[Exercise aim]: Line by line, repeat the material below exactly and skip the images.
--
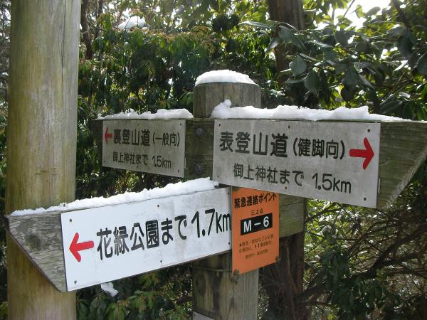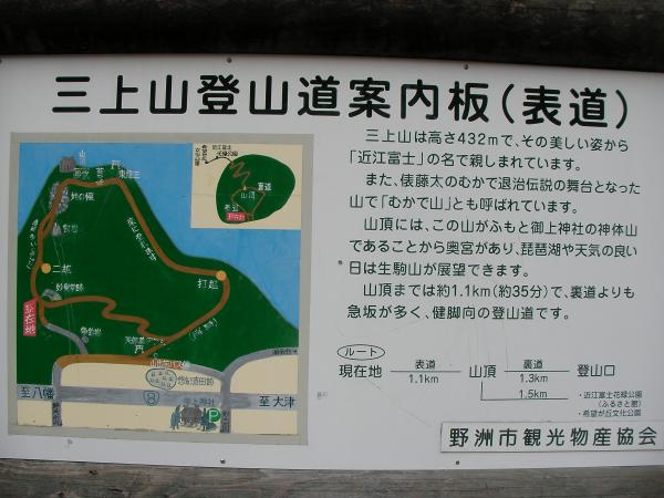 - 御神神社駐車場(10分)表登山道登山口(15分)妙見堂跡(45分)三上山山頂(20分)打越(20分)御神神社駐車場
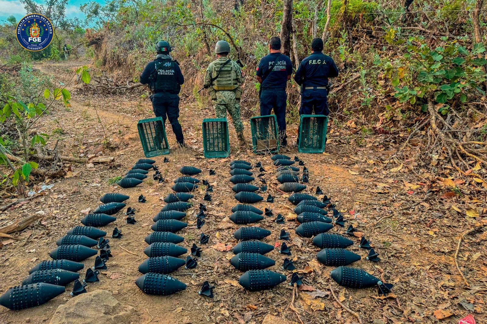 FGEGuerrero en coordinación con el Ejército Mexicano, Guardia Nacional y la Policía Estatal, asegura 51 artefactos explosivos, vehículos y localiza presunto campamento en Coyuca de Benítez.
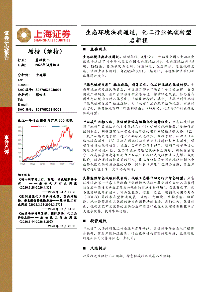 基础化工行业:上海证券-基础化工行业:生态环境法典通过,化工行业低碳转型启新程-260410
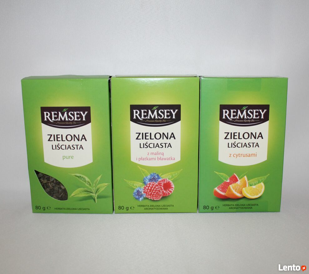 Remsey herbata zielona liściasta. Dwa smaki - zwykła albo z cytrusami . Opakowanie 80g. Długi termin ważności. Mam dużo. Szybka wysyłka do paczkomatu Inpost. Podaję linki gdzie można zakupić z wysyłką:https://allegro.pl/uzytkownik/SklepNikiforek
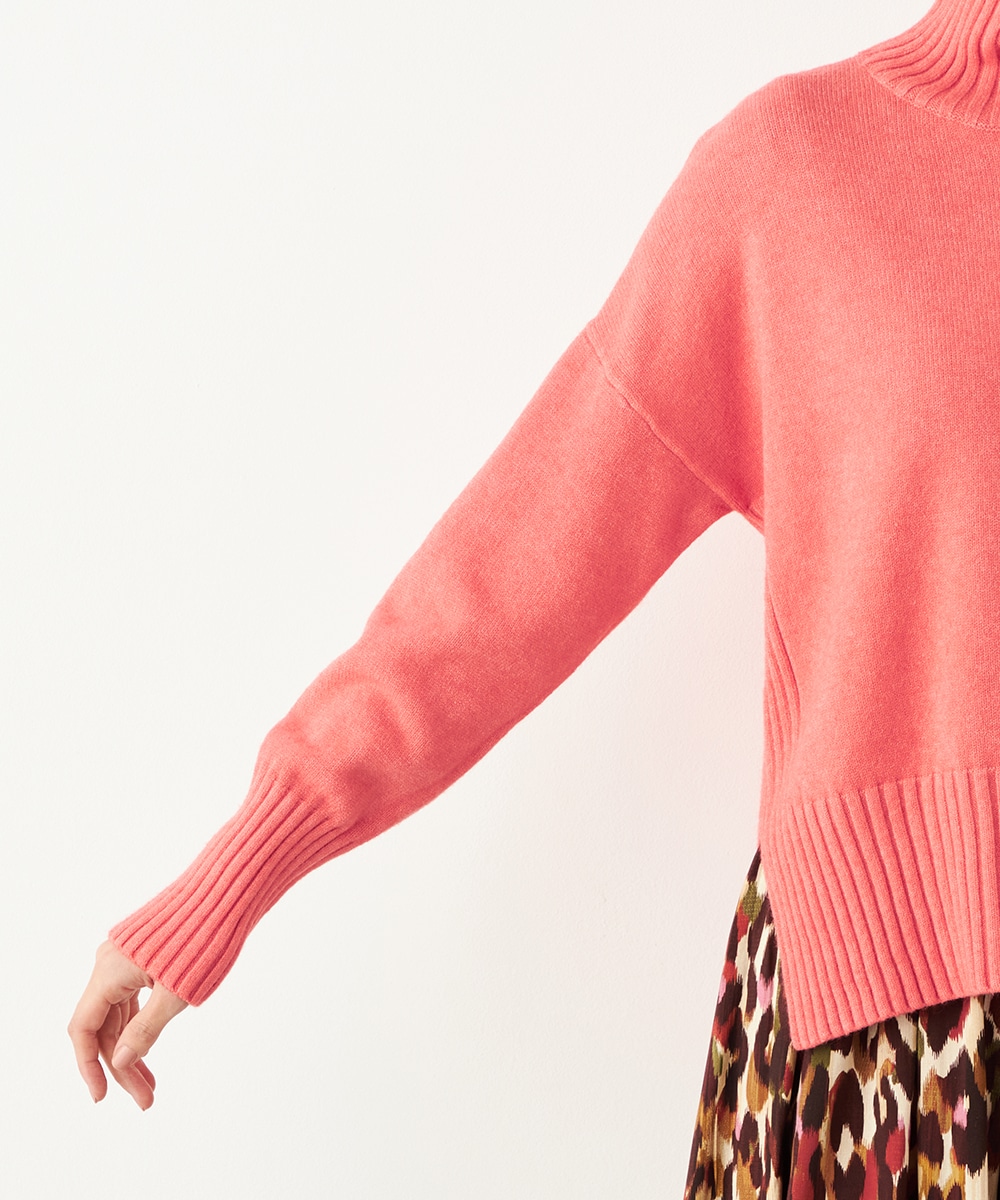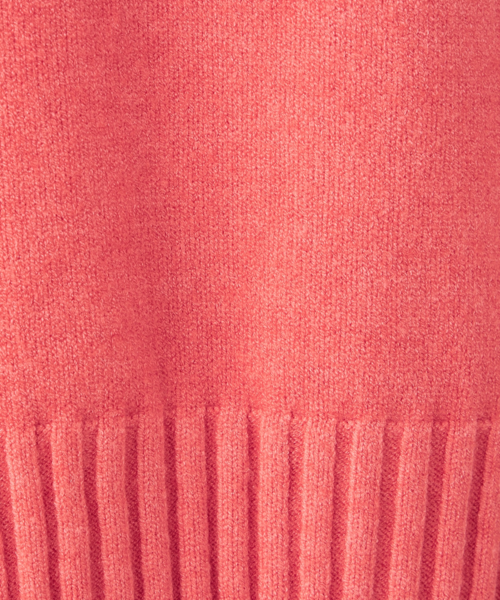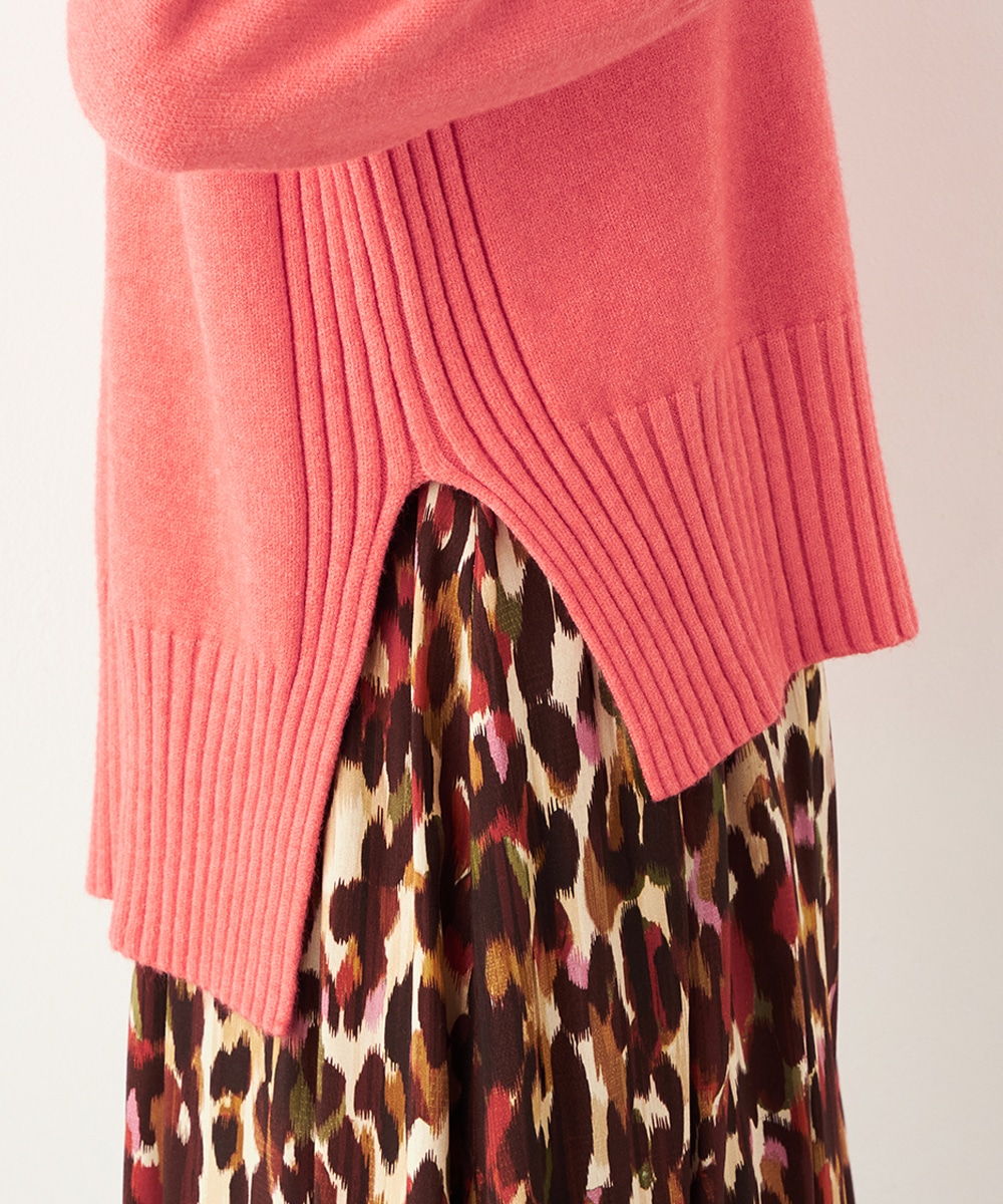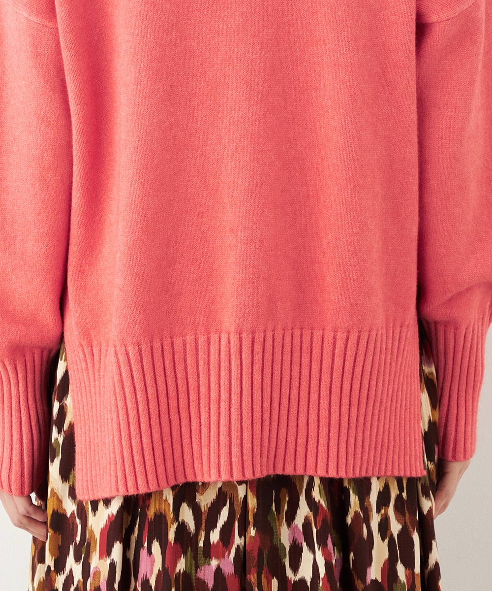 ヒップをさりげなくカバーできるのもポイントです。ドロップショルダーのゆったりとしたシルエットがトレンド感をプラス。両サイドのリブ編みが縦ラインを強調して、すっきりとしたスタイルを演出します。今年はキュートなピンクとシックなブラウンの2色展開です。
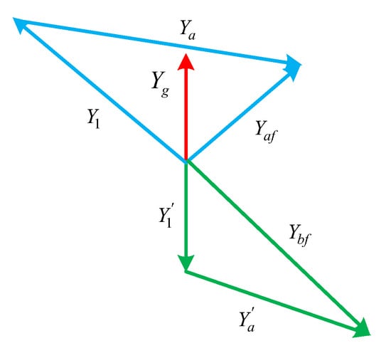 In the three-phase three-wire inverter system, references [23,24] used the grid voltage feedforward strategy to improve the harmonic suppression ability of the inverter. This method is equivalent to an additional parallel admittance on the output admittance of the original inverter. At this time, the equivalent admittance of the inverter output becomes . The blue vector in Figure 6 shows the grid voltage feedforward admittance remodeling process. It can be seen that after the introduction of voltage feedforward, the output admittance amplitude and phase of the three-phase three-wire inverter are reduced, the harmonic suppression ability of the inverter is enhanced, and the resonant damping effect of the control loop is improved.
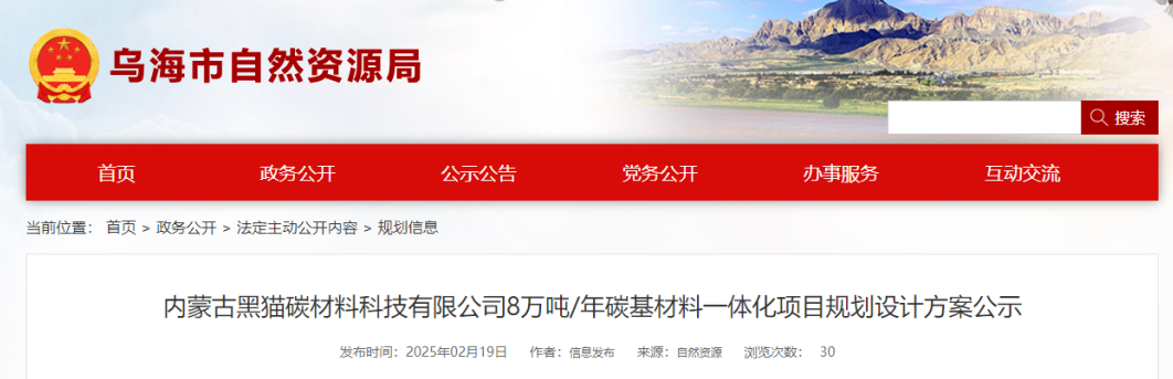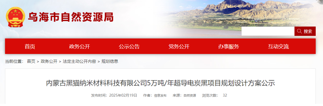 【炭黑產(chǎn)業(yè)網(wǎng)】2月24日消息,近日,烏海市自然資源局公示了兩項重要項目規(guī)劃設計方案,分別是內(nèi)蒙古黑貓納米材料科技有限公司的5萬噸/年超導電炭黑項目和內(nèi)蒙古黑貓?zhí)疾牧峡萍加邢薰镜?萬噸/年碳基材料一體化項目。
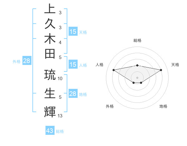 上久木田 琉生輝さんの総格は43画の2点
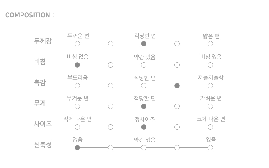 - 힙둘레 XS 95.3 cm / S 99.1 cm / M 104.1 cm
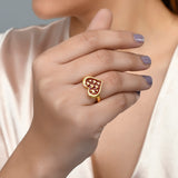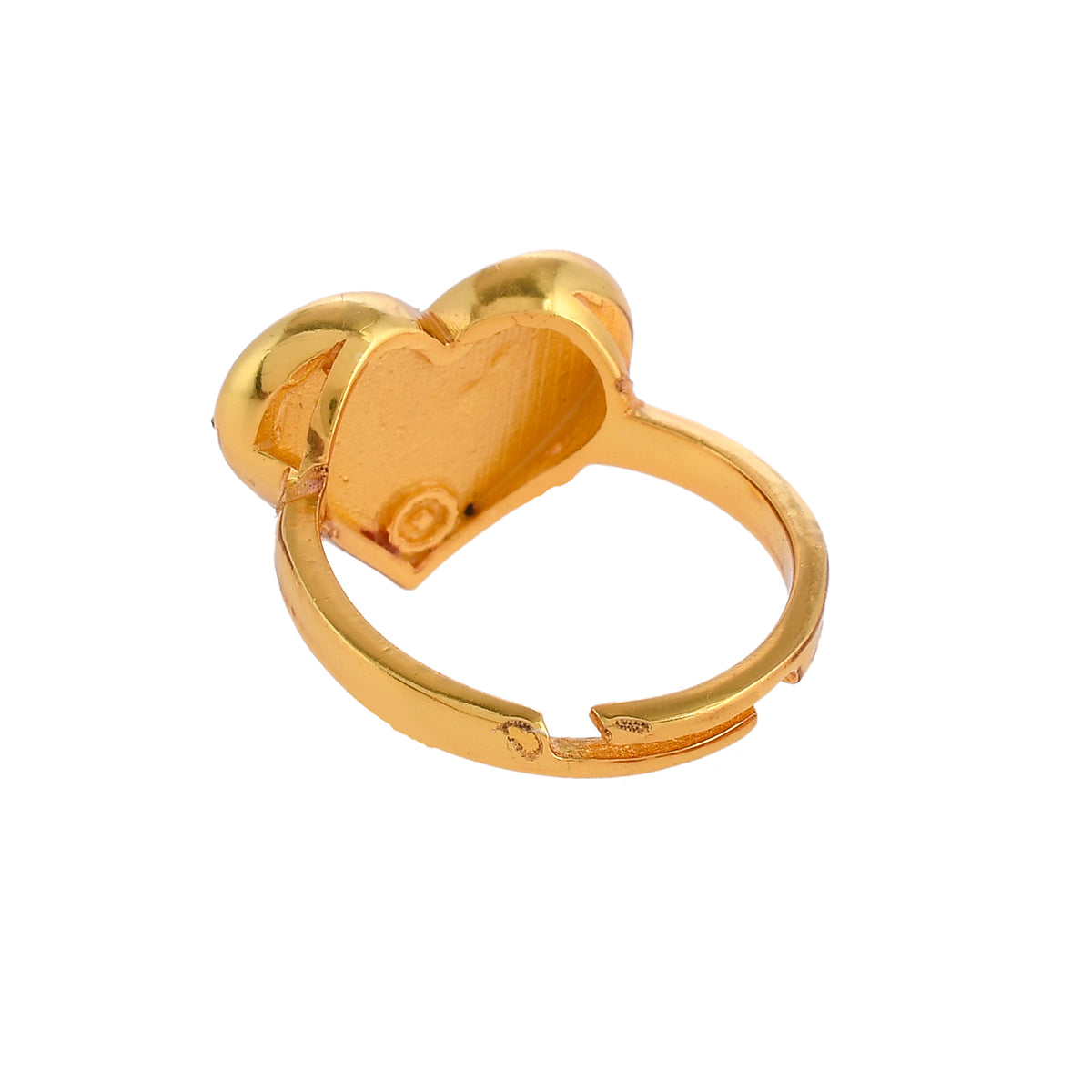 Gold plated brass ring featuring a perfect red heart. Adjustable for maximum comfort, the ring will make a charming gift.Weight (Gms): 2.11Size (LxW)(Inch): 4.29*4.29Material: BrassPlating: Yellow GoldColor: GoldSales Package: 1 RingProduct Code: 8905124490725
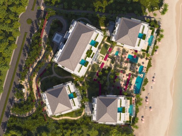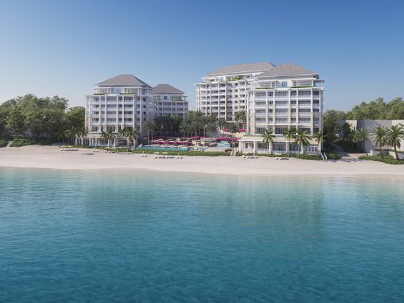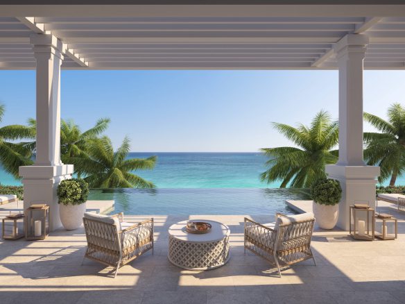 Five-bedroom beach villas will offer 7,459 square feet (693 square metres) of interior living space with 6,604 square feet (614 square metres) of outdoor terraces, including a private pool.
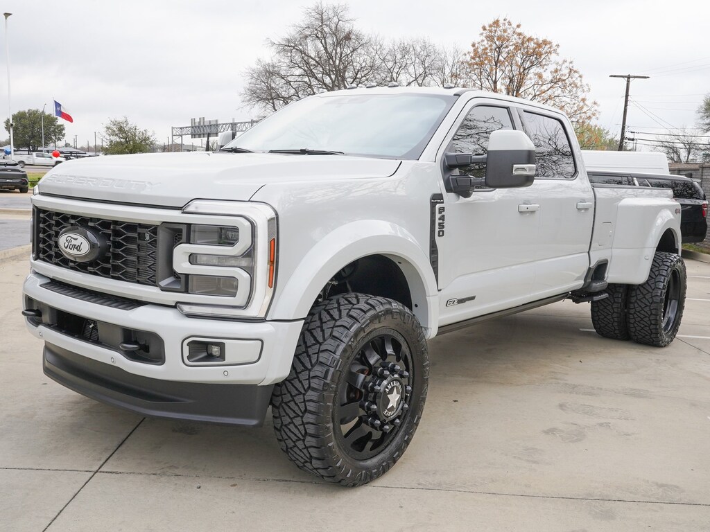 4WD, 250 Amp Alternator, Adjustable pedals, All-Weather Floor Mats, AM/FM radio: SiriusXM with 360L, Auto High-beam Headlights, Dual rear wheels, Electronic Stability Control, Engine Block Heater, Exterior Parking Camera Rear, Flow-Through Console, Front Bucket Seats, Front Center Armrest, Front reading lights, Garage door transmitter, Gooseneck Dual Hitch Kit, GVWR: 14,000 Lb Payload Package, Heated front seats, Heated rear seats, Heated steering wheel, Illuminated Scuff Plates, Internet access capable: FordPass Connect 5G, Limited Slip with 4.30 Axle Ratio, Navigation System, Order Code 773A, Platinum Plus Package, Power passenger seat, Premium Leather Instrument Panel Topper, Premium Luxury Leather-Wrapped Steering Wheel, Premium Venetian Leather Door Panel, Pro Power Onboard - 2kW, Radio: B&O Unleashed Sound System by Bang & Olufsen, Rain sensing wipers, Satin Chrome Door Handles, SiriusXM Radio with 360L, Snow Plow Prep Package, Split folding rear seat, SYNC 4 with Enhanced Voice Recognition, Twin Panel Power Moonroof, Unique Platinum Leather 40/Console/40 Seats, Unique Platinum Plus Luxury Leather 40/Console/40 Seats, Unique Satin Finish Grille, Unique Split Center Console Armrest, Upfitter Switches (6), Variably intermittent wipers, Ventilated front seats. DRW
--
[Answer space]:
 - 御神神社駐車場(10分)表登山道登山口(15分)妙見堂跡(45分)三上山山頂(20分)打越(20分)御神神社駐車場
 FGEGuerrero en coordinación con el Ejército Mexicano, Guardia Nacional y la Policía Estatal, asegura 51 artefactos explosivos, vehículos y localiza presunto campamento en Coyuca de Benítez.
 基础化工行业:上海证券-基础化工行业:生态环境法典通过,化工行业低碳转型启新程-260410
 Remsey herbata zielona liściasta. Dwa smaki - zwykła albo z cytrusami . Opakowanie 80g. Długi termin ważności. Mam dużo. Szybka wysyłka do paczkomatu Inpost. Podaję linki gdzie można zakupić z wysyłką:https://allegro.pl/uzytkownik/SklepNikiforek
 ヒップをさりげなくカバーできるのもポイントです。ドロップショルダーのゆったりとしたシルエットがトレンド感をプラス。両サイドのリブ編みが縦ラインを強調して、すっきりとしたスタイルを演出します。今年はキュートなピンクとシックなブラウンの2色展開です。
 In the three-phase three-wire inverter system, references [23,24] used the grid voltage feedforward strategy to improve the harmonic suppression ability of the inverter. This method is equivalent to an additional parallel admittance on the output admittance of the original inverter. At this time, the equivalent admittance of the inverter output becomes . The blue vector in Figure 6 shows the grid voltage feedforward admittance remodeling process. It can be seen that after the introduction of voltage feedforward, the output admittance amplitude and phase of the three-phase three-wire inverter are reduced, the harmonic suppression ability of the inverter is enhanced, and the resonant damping effect of the control loop is improved.
 【炭黑產(chǎn)業(yè)網(wǎng)】2月24日消息,近日,烏海市自然資源局公示了兩項重要項目規(guī)劃設計方案,分別是內(nèi)蒙古黑貓納米材料科技有限公司的5萬噸/年超導電炭黑項目和內(nèi)蒙古黑貓?zhí)疾牧峡萍加邢薰镜?萬噸/年碳基材料一體化項目。
 上久木田 琉生輝さんの総格は43画の2点
 - 힙둘레 XS 95.3 cm / S 99.1 cm / M 104.1 cm
 Gold plated brass ring featuring a perfect red heart. Adjustable for maximum comfort, the ring will make a charming gift.Weight (Gms): 2.11Size (LxW)(Inch): 4.29*4.29Material: BrassPlating: Yellow GoldColor: GoldSales Package: 1 RingProduct Code: 8905124490725
 Five-bedroom beach villas will offer 7,459 square feet (693 square metres) of interior living space with 6,604 square feet (614 square metres) of outdoor terraces, including a private pool.
 4WD, 250 Amp Alternator, Adjustable pedals, All-Weather Floor Mats, AM/FM radio: SiriusXM with 360L, Auto High-beam Headlights, Dual rear wheels, Electronic Stability Control, Engine Block Heater, Exterior Parking Camera Rear, Flow-Through Console, Front Bucket Seats, Front Center Armrest, Front reading lights, Garage door transmitter, Gooseneck Dual Hitch Kit, GVWR: 14,000 Lb Payload Package, Heated front seats, Heated rear seats, Heated steering wheel, Illuminated Scuff Plates, Internet access capable: FordPass Connect 5G, Limited Slip with 4.30 Axle Ratio, Navigation System, Order Code 773A, Platinum Plus Package, Power passenger seat, Premium Leather Instrument Panel Topper, Premium Luxury Leather-Wrapped Steering Wheel, Premium Venetian Leather Door Panel, Pro Power Onboard - 2kW, Radio: B&O Unleashed Sound System by Bang & Olufsen, Rain sensing wipers, Satin Chrome Door Handles, SiriusXM Radio with 360L, Snow Plow Prep Package, Split folding rear seat, SYNC 4 with Enhanced Voice Recognition, Twin Panel Power Moonroof, Unique Platinum Leather 40/Console/40 Seats, Unique Platinum Plus Luxury Leather 40/Console/40 Seats, Unique Satin Finish Grille, Unique Split Center Console Armrest, Upfitter Switches (6), Variably intermittent wipers, Ventilated front seats. DRW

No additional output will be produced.